How We Lost our Son to PANDAS and Brought Him “Home” Again
By Ian’s mother, Nancy
After our son had spent a few exceptionally stressful days in 1st grade, my husband and I noticed his little hands were red and raw. A quick phone consult with his teacher confirmed, “Yes, he seems to be washing his hands a lot.” In fact, he was washing them at every transition of activity in the classroom: between math and reading, between reading and art, between art and gym, and on and on.
This was just the beginning. Ian was six years old when he was diagnosed with obsessive compulsive disorder (OCD).
Seeking help as symptoms progress
We found a clinical psychologist and got him into cognitive behavior therapy (CBT) within days. For just over a year that intervention seemed to meet the bill.
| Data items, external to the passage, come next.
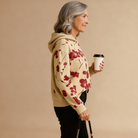 Ova pletenina ne grebe i ne iritira kožu zahvaljujući mekanoj, prozračnoj mješavini koja prija koži. Grije vas bez pregrijavanja, idealno za promjenjivo jesensko vrijeme. Materijal zadržava oblik – bez rastezanja ili opuštanja nakon nekoliko nošenja. Šareni, skandinavski nadahnuti uzorak dodaje razigran, a ipak moderan dodir svakom outfitu. Uparite ga s trapericama ili kratkim hlačama za ležeran look, ili ga podignite uz suknju i čizme. Kapuljača pruža dodatnu toplinu i opuštenu atmosferu.
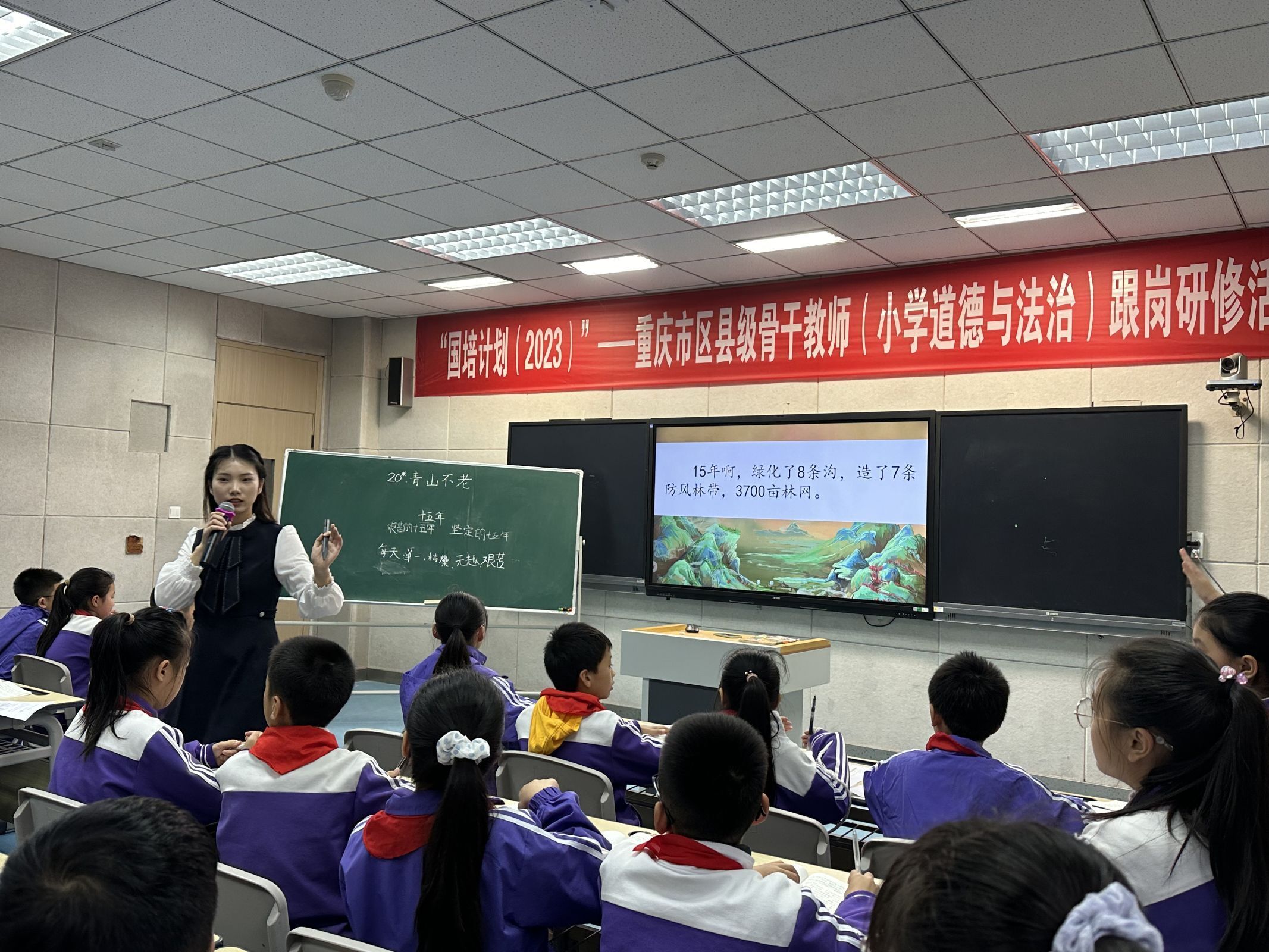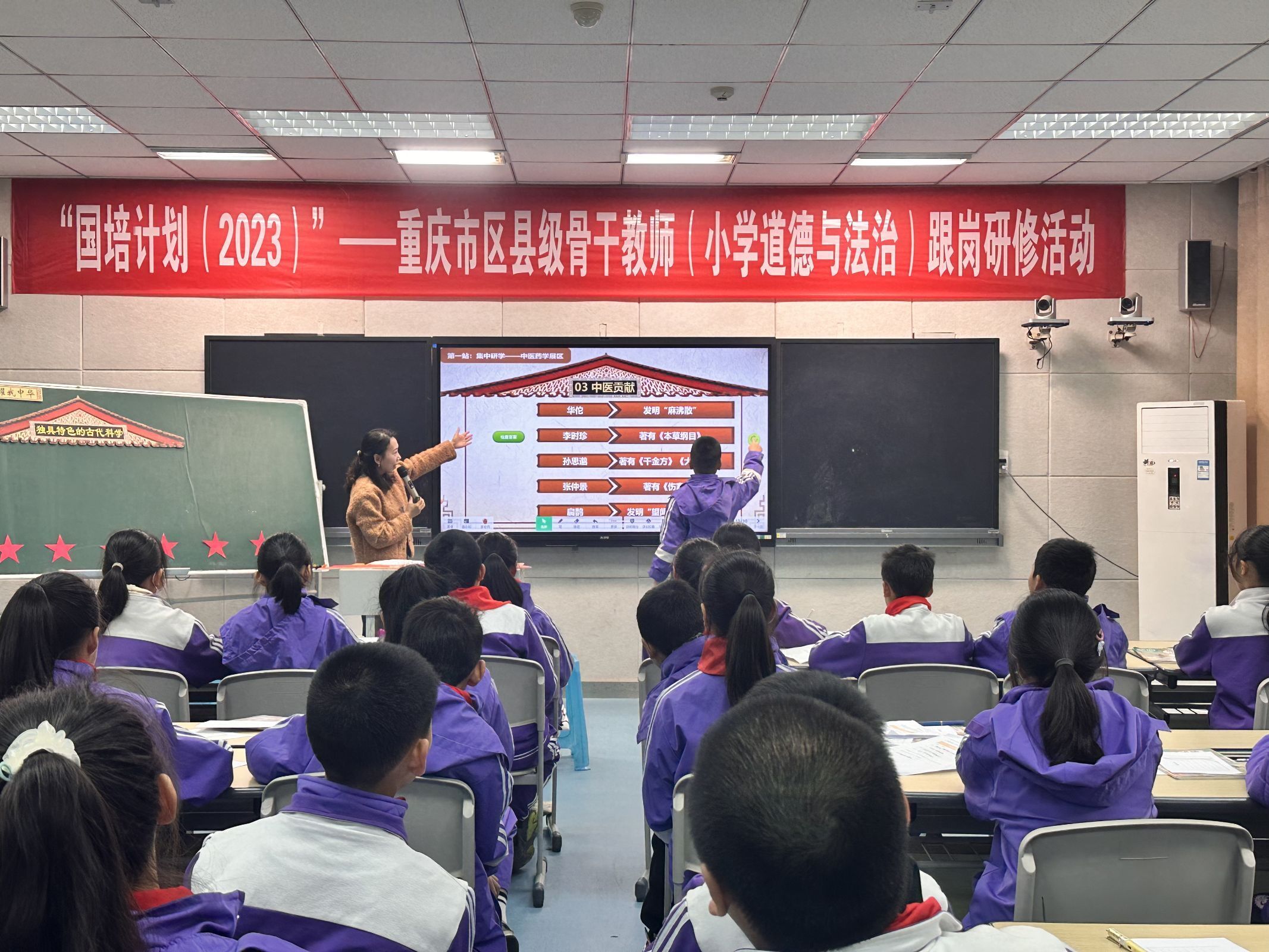 在跟岗研修阶段,学员分成5个组分别深入到永川兴龙湖小学、永川新红旗小学、永川汇龙小学、永川神女湖小学、永川红河小学开展了为期一周的交流和观摩,并与在校老师开展同课异构等教学研讨。
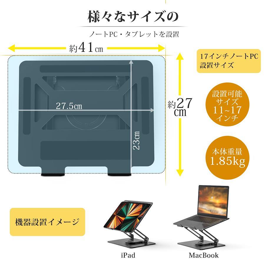 【360度回転&180°角度調整2ヶ所】BoYata N33パソコンスタンドはお使いの使用状況に応じて、ツール不要で天板をくるっと自由に360度回転できます。180°調整が2ヶ所あり、高さ・角度も多段階調節可能です。★同僚とデータを議論する際にスタンドを移動する必要がなく、回転するだけで向かい合う相手と簡単に画面を共有できるので、家族で映画を見たり、オフィスでの会議やプレゼンテーション、在宅デスク作業などに最適なノートパソコンスタンドです。 【無段階高さ調整&姿勢改善】BoYataパソコンスタンドは人間工学に基づいた設計により、高さが無段階調整(4CM-30CM)できます。PC作業時に自身を合わせて最適な高さと姿勢を整えて、首・肩・背中などへの負担が軽減されとともに猫背も有効に防止できます。 長時間のデスクワークが苦にならず、集中力も高まり作業効率UP!★注意:スタンドを高く上げた状態で、直接キーボードを打つと少し揺れる場合がありますので、別途キーボードをご用意することをおすすします。 【安定性抜群&シリコーン保護】BoYata PCスタンドは美しさと強さを兼ね備えている炭素鋼を採用し、最大5kgまで耐えることができます。★Z型デザインに加え、使用中に下がってくるようなことは無く、頑丈で安定します。★スタンドの底部・パソコンを支える部分にシリコン製の滑り止めパッドが付いているため、安定性を高め、ノートパソコン・タブレットに傷がつく心配はありません。圧倒的な安定性と機能性を是非、実感ください! 【収納便利&放熱性抜群】ノートPCスタンドの下に空きスペースを有効に活用して、書類を広げたり、使わない時のキーボート・USBハブ・メモ・ペン等を収納でき、デスク周りをスッキリ整頓します。★ノートパソコンとの接触面に通風穴を設けて、空気の流動性と放熱性を向上させているので夏場でも長時間作業しても熱が籠る心配が軽減されます。パソコンの使用寿命を延ばし、ノートパソコンはより速く運行することができます。 【高級感デザイン&幅広く対応可能】スタイリッシュなシルバーと滑らかなエッジ処理や艶消しされたマットボディは高級感を演出、Macbookとの相性はバッチリで、どこにおいても室内インテリアと合わせやすいPCスタンドです。★対応機種:MacBook Air、Macbook Pro、Microsoft Surface、Google Pixelbook、Dell、HP、Acer、ASUS、Lenovo、Alienwareなどの11~17.3インチのノートパソコン。★オフィス、会議室、コンサートホールなどのシーンに大活躍、友人や家族へのギフトにも最適です。

Then, in February of his 2nd grade year, his OCD symptoms increased tremendously, within a very short period of time.
Ian had begun that school year well, without any problem behaviors at all, and he was doing well in the most advanced academic groups in his class. Now, though, he essentially “forgot” how to read. He could not complete simple quizzes in the allotted time. He was distracted and generally anxious, and he developed severe separation anxiety.
We were being encouraged by specialists to add psychiatric medications to his OCD therapy but were reluctant. I began doing more research, primarily on the web, and came across the medical term PANDAS (Pediatric Autoimmune Neuropsychiatric Disorders Associated with Streptococcal Infections). While many of the symptoms seemed to fit, I couldn’t recall Ian having had strep throat.
Shortly, our son brought home a school notice that a case of strep had been identified in his class. Within days I developed a bad case of strep throat! I became convinced Ian was a carrier for the bacterial infection, so I confronted my son’s doctors (both his pediatrician and therapist) and asked about PANDAS. They waved me off and said the condition was unproven and controversial. Their message was that it didn’t matter howor why he had developed OCD; the fact was he had it, and now it needed to be treated in the traditional, psychiatric way.
I pressed and annoyed Ian’s pediatrician until she consented to a throat swab, but when the culture came back negative, it was effectively “case closed.”
Hitting a new low
We agreed to put our son on the antidepressant Lexapro, an SSRI (selective serotonin reuptake inhibitor), and continued CBT off and on over the next few years as his OCD waxed and waned. Ian had good periods and he had tough periods, but we were continually told that this was the nature of OCD.
Then 16 months ago, soon after another notice regarding strep at school came home, Ian began his greatest descent into the depths of OCD ever. Twelve years old, he would sit in his math class with a quiz on his desk in front of him — containing material he knew perfectly — and not answer a single question. He “flipped out” in several classes, melting down when a bit of material was new or frustrating to him, unable to maintain his composure or regain it without adult intervention. We stepped up his therapy schedule and decided to try a new SSRI; perhaps the Lexapro had reached the end of its ability to be effective for him. And we looked forward to summer, thinking that once school was out, he would face less stress overall and have fewer daily triggers to deal with.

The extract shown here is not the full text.